The bankruptcy court considered the circumstances of the underlying malpractice suit and found that Arden “prosecuted the [case] on grounds [he] knew were patently meritless,” and that he “tried to keep the [case] alive long enough to leverage [Silas] to make a settlement offer.” These findings were not clearly erroneous.

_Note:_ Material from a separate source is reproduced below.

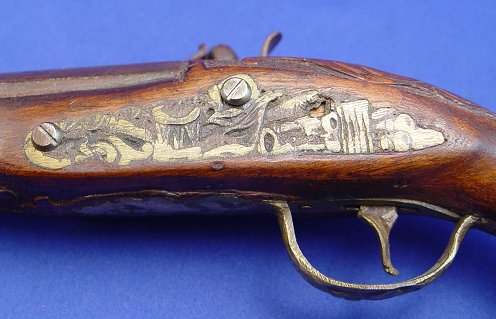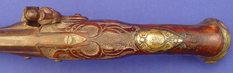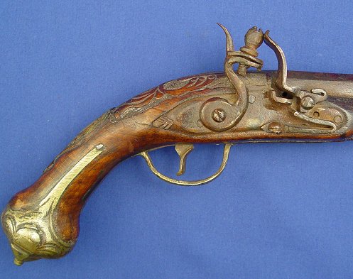 SCOTTISH LOWLAND TYPE FLINTLOCK: 15'' overall, 8 1/2'', barrel, Euro repro. Sold as is.

Arden continued to accuse Silas of misappropriation in the malpractice suit long after he learned that the allegations were baseless. This supports the bankruptcy court's conclusion that Arden “kept [these] allegations in the suit because the presence of those serious allegations of misconduct would make it more likely that [Silas] ․ might settle.” While Arden said he left the allegations in by mistake, the court found this explanation “not credible.” See In re Su, 290 F.3d at 1146 n.6 (explaining that a court need not accept the debtor's assertions about his motive as true). What's more, Arden gathered almost no evidence for the malpractice case before the discovery deadline, further supporting the court's finding that Arden knew the claims were meritless. The court concluded on the basis of its findings that Arden acted with “a specific intent to harm,” and thus, willfully. That was not error.


Filing Fee. The Federal Rules of Appellate Procedure require “the appellant” to “pay the district clerk all required fees” after the circuit has granted permission to hear an appeal. Fed. R. App. P. 5(d)(1). This rule expressly applies to a “direct appeal by permission under 28 U.S.C. § 158(d)(2).” Fed. R. App. P. 6(c)(1)(B) (“[A]s used in any applicable rule, ‘district court’ or ‘district clerk’ includes—to the extent appropriate—a bankruptcy court or bankruptcy appellate panel or its clerk․”). It makes no difference that Silas was the one who sought to have this court directly hear the appeal that Arden had taken to the bankruptcy appellate panel. As “the appellant” of the bankruptcy court decision, Arden is responsible under Rule 5(d)(1) for paying the fee associated with his appeal.